# 1. Import libraries

In [None]:
import pandas as pd
import numpy as np

# 2. Load metadata

In [None]:
# Load metadata from GEO
df_metaData_with_lineage = pd.read_csv('/data/benchmarks/scRNAseq_persisters/GSE150949_metaData_with_lineage.txt', sep="\t")
df_metaData_with_lineage

In [None]:
# Load metadata from Seurat object
df_metadata = pd.read_csv("/data/benchmarks/scRNAseq_persisters/metadata_seuratobject.csv")
df_metadata

# 2. Analysis

### 2.1 Check alignment of the dataframes

In [None]:
# Check if the order of observations is the same
if df_metaData_with_lineage.index.tolist() == df_metadata['Unnamed: 0'].tolist():
    print("Indices match!")
else:
    print("Indices do not match.

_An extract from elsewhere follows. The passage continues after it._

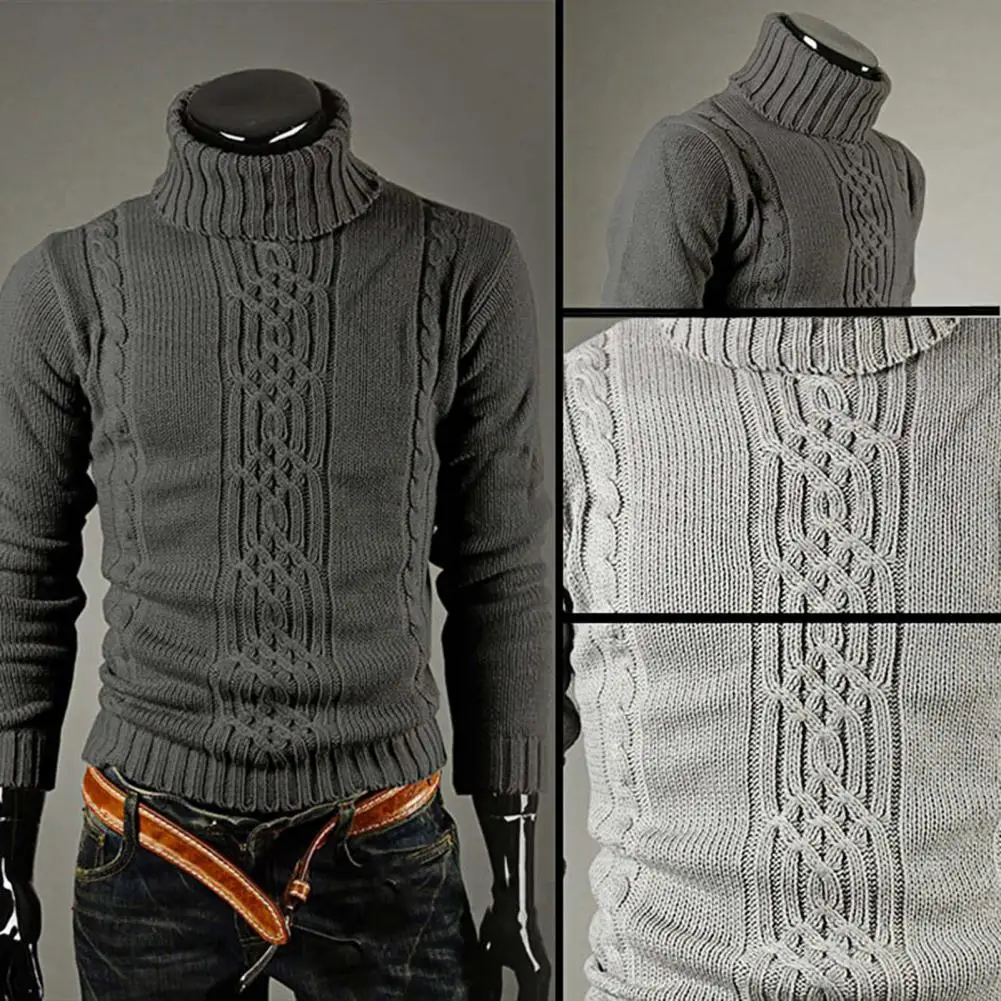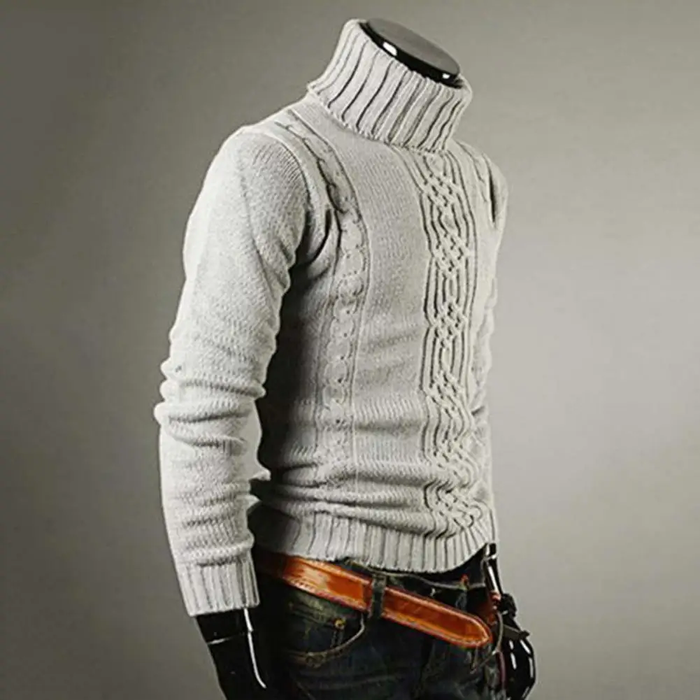 Удобный мужской облегающий свитер с высоким воротником, Повседневны...

Proceeding to align.")

In [None]:
# Check if lineage barcode columns are the same for the two dataframes
if df_metaData_with_lineage['lineage_barcode'].tolist() == df_metadata['lineage_barcode'].tolist():
    print("Lineage barcodes match!")
else:
    print("Lineage barcodes do not match.")

In [None]:
# Investigate if/how many barcodes are the same for the metadata files
same_barcodes = 0
different_barcodes = 0

for i in range(len(df_metaData_with_lineage['lineage_barcode'])):
    barcode_df1 = df_metaData_with_lineage['lineage_barcode'][i]
    # print(barcode_df1)
    barcode_df2 = df_metadata.loc[i,'lineage_barcode']
    # print(barcode_df2)
    if barcode_df1==barcode_df2:
        same_barcodes = same_barcodes + 1
    else:
        different_barcodes = different_barcodes+ 1
    # print('same_barcodes', same_barcodes)

print('ratio same:', same_barcodes/(same_barcodes+different_barcodes))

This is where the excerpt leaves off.